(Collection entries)

****

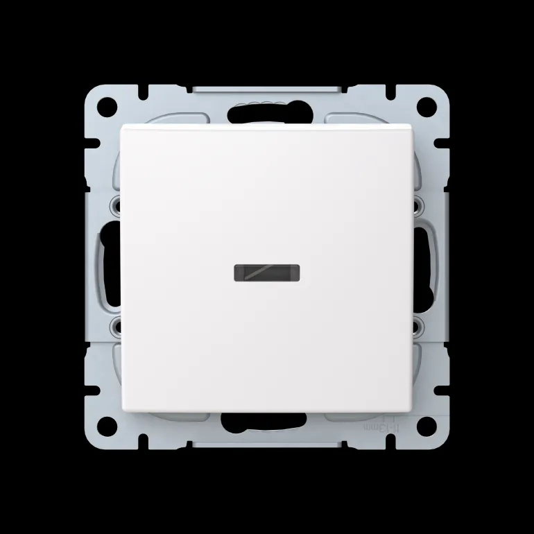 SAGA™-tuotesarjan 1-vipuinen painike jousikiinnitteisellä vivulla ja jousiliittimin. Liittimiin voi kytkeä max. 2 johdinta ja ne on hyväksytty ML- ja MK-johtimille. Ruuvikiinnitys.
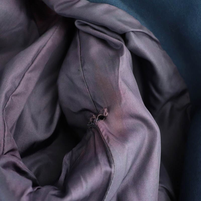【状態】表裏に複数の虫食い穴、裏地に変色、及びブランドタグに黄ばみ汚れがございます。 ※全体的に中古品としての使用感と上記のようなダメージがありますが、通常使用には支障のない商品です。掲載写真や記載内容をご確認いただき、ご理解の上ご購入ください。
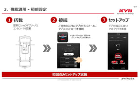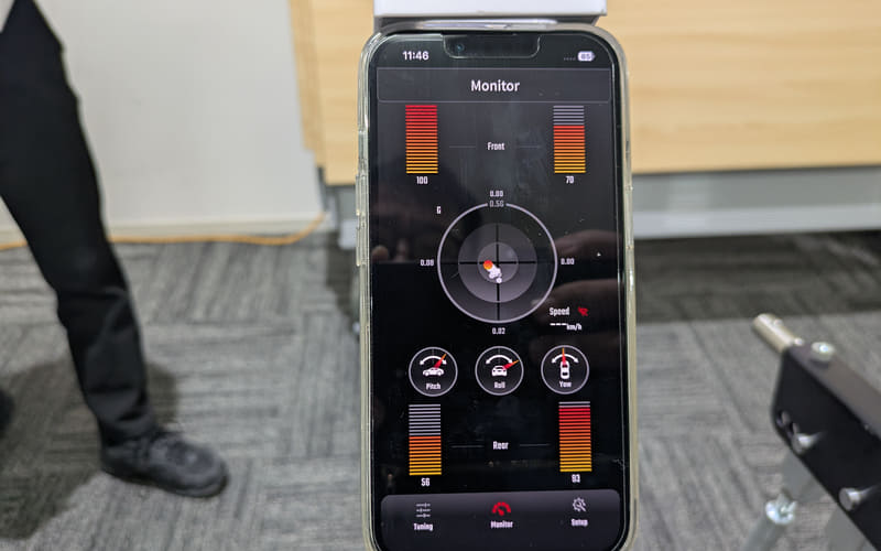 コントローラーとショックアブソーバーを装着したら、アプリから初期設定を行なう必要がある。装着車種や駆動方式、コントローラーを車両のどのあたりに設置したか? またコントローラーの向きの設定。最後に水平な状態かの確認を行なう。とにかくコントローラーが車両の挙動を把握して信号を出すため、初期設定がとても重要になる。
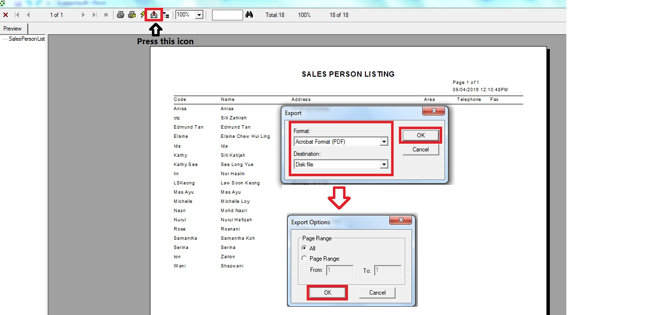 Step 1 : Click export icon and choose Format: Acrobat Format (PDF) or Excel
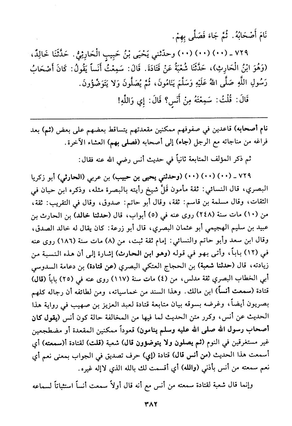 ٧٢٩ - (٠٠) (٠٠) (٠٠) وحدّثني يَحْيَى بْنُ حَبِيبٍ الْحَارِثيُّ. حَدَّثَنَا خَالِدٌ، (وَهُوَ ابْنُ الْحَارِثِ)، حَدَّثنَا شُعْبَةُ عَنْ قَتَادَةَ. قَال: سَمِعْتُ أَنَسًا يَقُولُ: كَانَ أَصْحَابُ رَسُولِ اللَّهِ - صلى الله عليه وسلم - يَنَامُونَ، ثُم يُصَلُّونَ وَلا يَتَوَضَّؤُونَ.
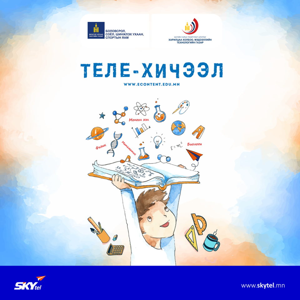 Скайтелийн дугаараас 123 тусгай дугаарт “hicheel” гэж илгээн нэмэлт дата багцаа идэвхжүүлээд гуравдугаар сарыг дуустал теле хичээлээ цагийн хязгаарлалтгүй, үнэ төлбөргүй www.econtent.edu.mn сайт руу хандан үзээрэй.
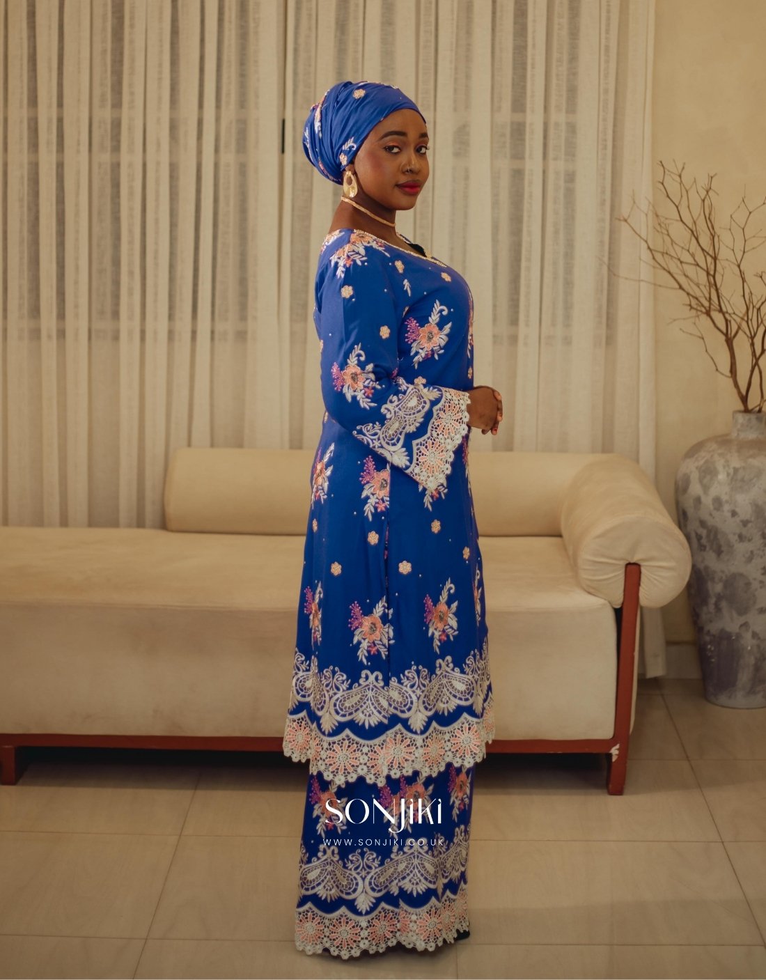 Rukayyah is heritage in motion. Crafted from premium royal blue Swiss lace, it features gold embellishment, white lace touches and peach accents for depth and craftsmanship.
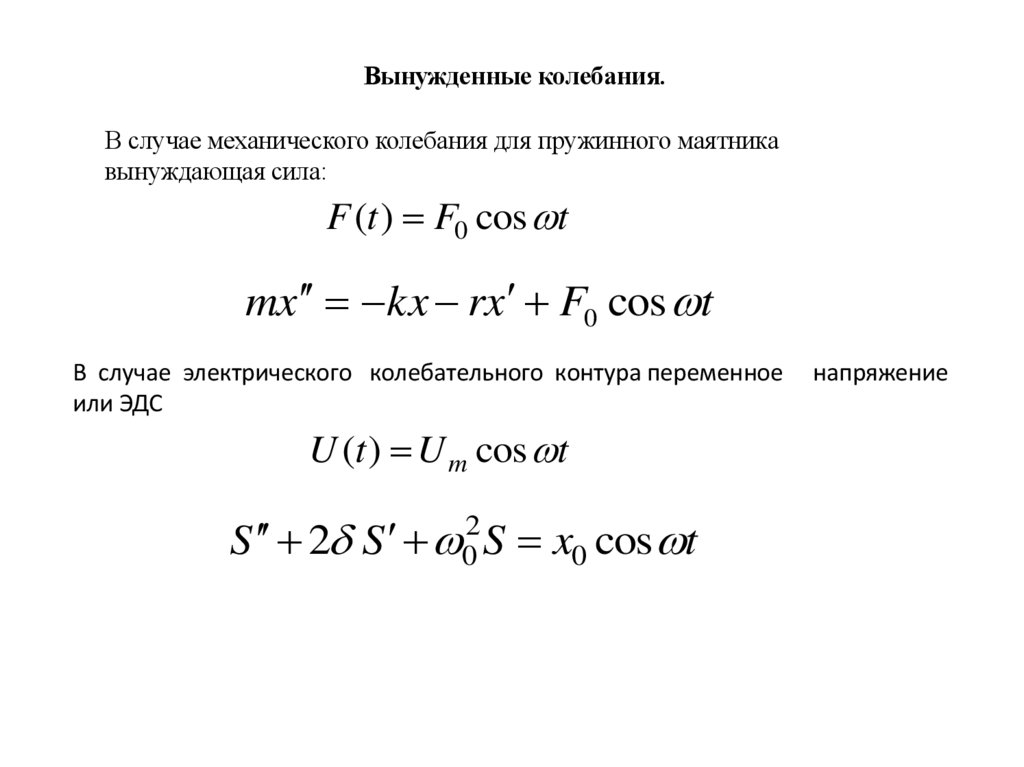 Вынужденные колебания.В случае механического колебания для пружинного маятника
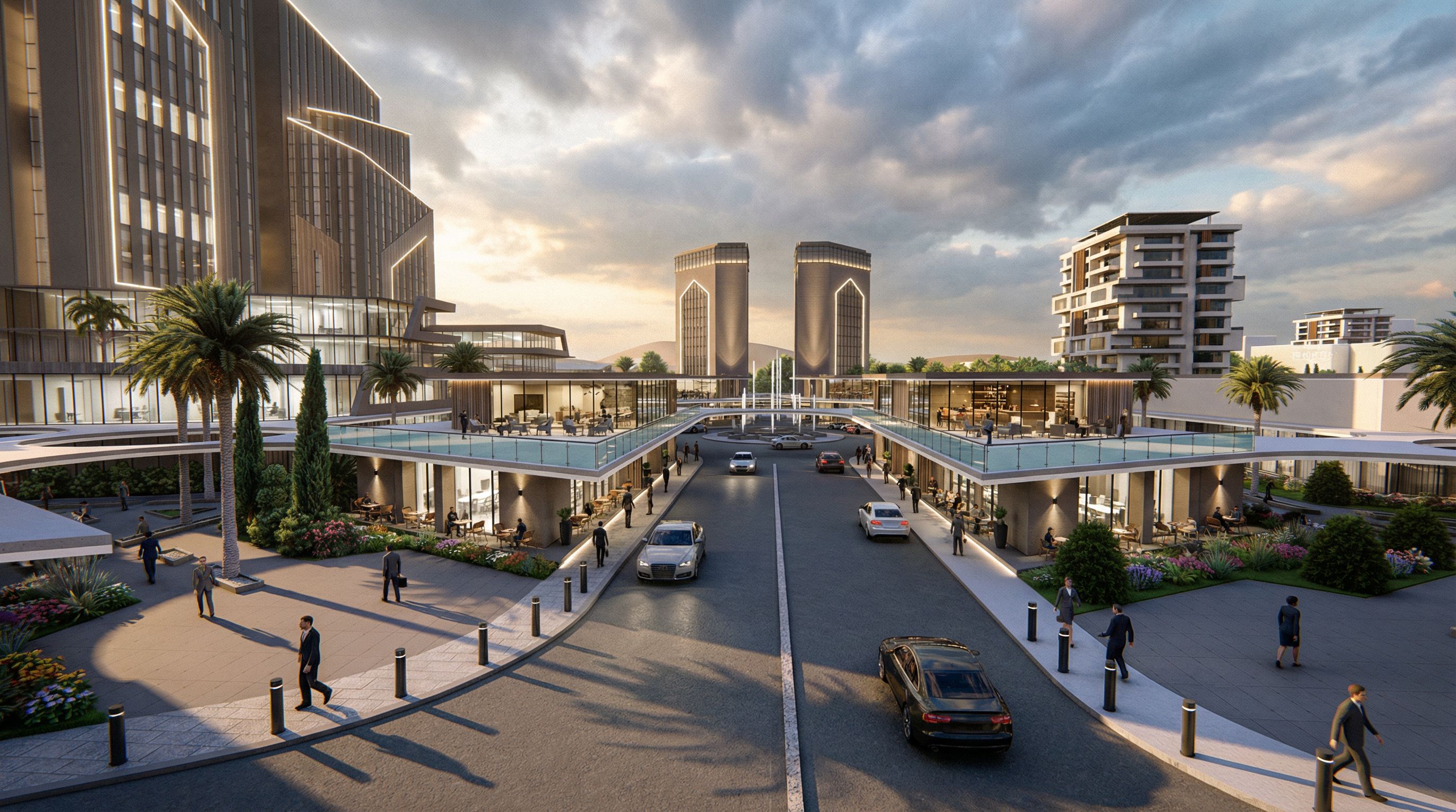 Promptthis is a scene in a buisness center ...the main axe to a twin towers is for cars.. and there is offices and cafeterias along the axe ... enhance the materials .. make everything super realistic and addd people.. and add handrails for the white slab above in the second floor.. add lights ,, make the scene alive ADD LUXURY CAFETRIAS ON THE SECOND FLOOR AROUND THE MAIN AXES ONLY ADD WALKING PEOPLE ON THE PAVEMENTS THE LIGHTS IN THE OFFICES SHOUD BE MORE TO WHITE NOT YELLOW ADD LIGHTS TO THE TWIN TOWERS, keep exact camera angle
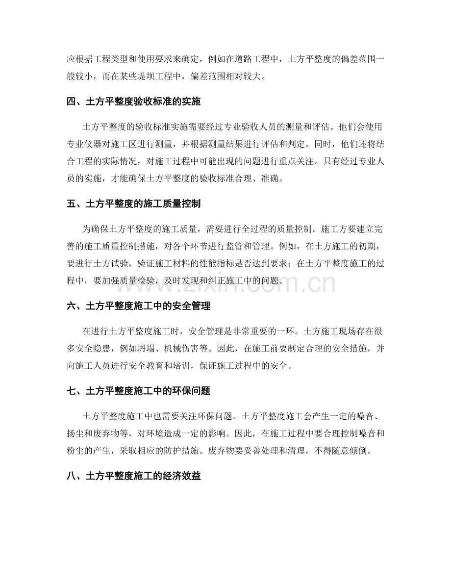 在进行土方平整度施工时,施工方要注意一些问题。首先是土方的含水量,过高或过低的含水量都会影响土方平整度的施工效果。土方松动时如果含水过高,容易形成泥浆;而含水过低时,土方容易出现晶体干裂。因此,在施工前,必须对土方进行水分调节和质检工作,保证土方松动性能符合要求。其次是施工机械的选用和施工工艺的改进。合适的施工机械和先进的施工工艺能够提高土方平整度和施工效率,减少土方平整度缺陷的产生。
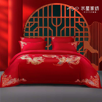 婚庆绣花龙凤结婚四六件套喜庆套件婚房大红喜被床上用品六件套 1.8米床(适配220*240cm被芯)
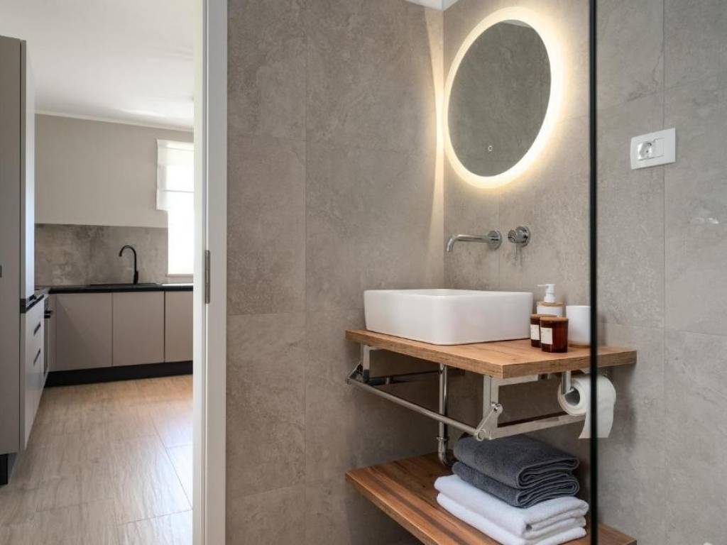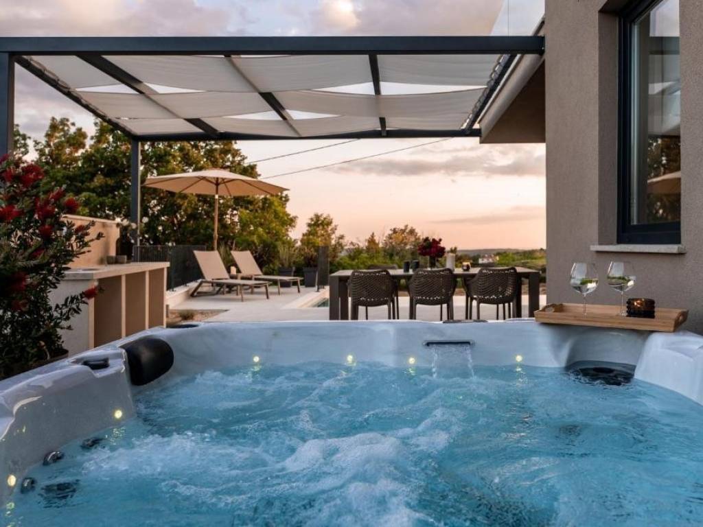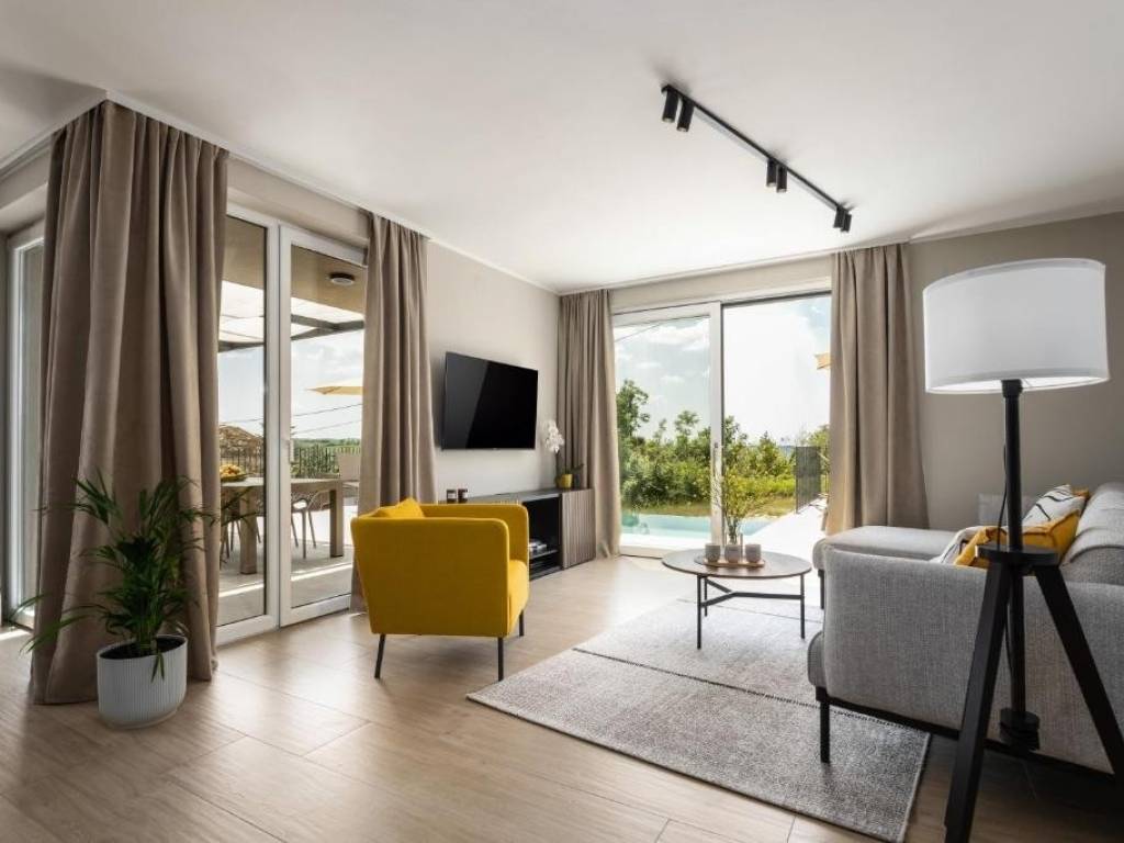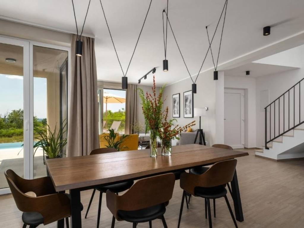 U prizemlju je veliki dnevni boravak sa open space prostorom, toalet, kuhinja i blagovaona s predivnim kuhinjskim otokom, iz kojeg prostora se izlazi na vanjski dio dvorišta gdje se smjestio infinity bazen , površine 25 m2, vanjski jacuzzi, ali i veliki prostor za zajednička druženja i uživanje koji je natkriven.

****

▶ **WORK REQUIRED**
Each line above should be returned exactly as it stands, minus any pictures.

▶ **OUTPUT FOR THIS EXERCISE**
 SAGA™-tuotesarjan 1-vipuinen painike jousikiinnitteisellä vivulla ja jousiliittimin. Liittimiin voi kytkeä max. 2 johdinta ja ne on hyväksytty ML- ja MK-johtimille. Ruuvikiinnitys.
【状態】表裏に複数の虫食い穴、裏地に変色、及びブランドタグに黄ばみ汚れがございます。 ※全体的に中古品としての使用感と上記のようなダメージがありますが、通常使用には支障のない商品です。掲載写真や記載内容をご確認いただき、ご理解の上ご購入ください。
 コントローラーとショックアブソーバーを装着したら、アプリから初期設定を行なう必要がある。装着車種や駆動方式、コントローラーを車両のどのあたりに設置したか? またコントローラーの向きの設定。最後に水平な状態かの確認を行なう。とにかくコントローラーが車両の挙動を把握して信号を出すため、初期設定がとても重要になる。
 Step 1 : Click export icon and choose Format: Acrobat Format (PDF) or Excel
 ٧٢٩ - (٠٠) (٠٠) (٠٠) وحدّثني يَحْيَى بْنُ حَبِيبٍ الْحَارِثيُّ. حَدَّثَنَا خَالِدٌ، (وَهُوَ ابْنُ الْحَارِثِ)، حَدَّثنَا شُعْبَةُ عَنْ قَتَادَةَ. قَال: سَمِعْتُ أَنَسًا يَقُولُ: كَانَ أَصْحَابُ رَسُولِ اللَّهِ - صلى الله عليه وسلم - يَنَامُونَ، ثُم يُصَلُّونَ وَلا يَتَوَضَّؤُونَ.
 Скайтелийн дугаараас 123 тусгай дугаарт “hicheel” гэж илгээн нэмэлт дата багцаа идэвхжүүлээд гуравдугаар сарыг дуустал теле хичээлээ цагийн хязгаарлалтгүй, үнэ төлбөргүй www.econtent.edu.mn сайт руу хандан үзээрэй.
 Rukayyah is heritage in motion. Crafted from premium royal blue Swiss lace, it features gold embellishment, white lace touches and peach accents for depth and craftsmanship.
 Вынужденные колебания.В случае механического колебания для пружинного маятника
 Promptthis is a scene in a buisness center ...the main axe to a twin towers is for cars.. and there is offices and cafeterias along the axe ... enhance the materials .. make everything super realistic and addd people.. and add handrails for the white slab above in the second floor.. add lights ,, make the scene alive ADD LUXURY CAFETRIAS ON THE SECOND FLOOR AROUND THE MAIN AXES ONLY ADD WALKING PEOPLE ON THE PAVEMENTS THE LIGHTS IN THE OFFICES SHOUD BE MORE TO WHITE NOT YELLOW ADD LIGHTS TO THE TWIN TOWERS, keep exact camera angle
 在进行土方平整度施工时,施工方要注意一些问题。首先是土方的含水量,过高或过低的含水量都会影响土方平整度的施工效果。土方松动时如果含水过高,容易形成泥浆;而含水过低时,土方容易出现晶体干裂。因此,在施工前,必须对土方进行水分调节和质检工作,保证土方松动性能符合要求。其次是施工机械的选用和施工工艺的改进。合适的施工机械和先进的施工工艺能够提高土方平整度和施工效率,减少土方平整度缺陷的产生。
 婚庆绣花龙凤结婚四六件套喜庆套件婚房大红喜被床上用品六件套 1.8米床(适配220*240cm被芯)
 U prizemlju je veliki dnevni boravak sa open space prostorom, toalet, kuhinja i blagovaona s predivnim kuhinjskim otokom, iz kojeg prostora se izlazi na vanjski dio dvorišta gdje se smjestio infinity bazen , površine 25 m2, vanjski jacuzzi, ali i veliki prostor za zajednička druženja i uživanje koji je natkriven.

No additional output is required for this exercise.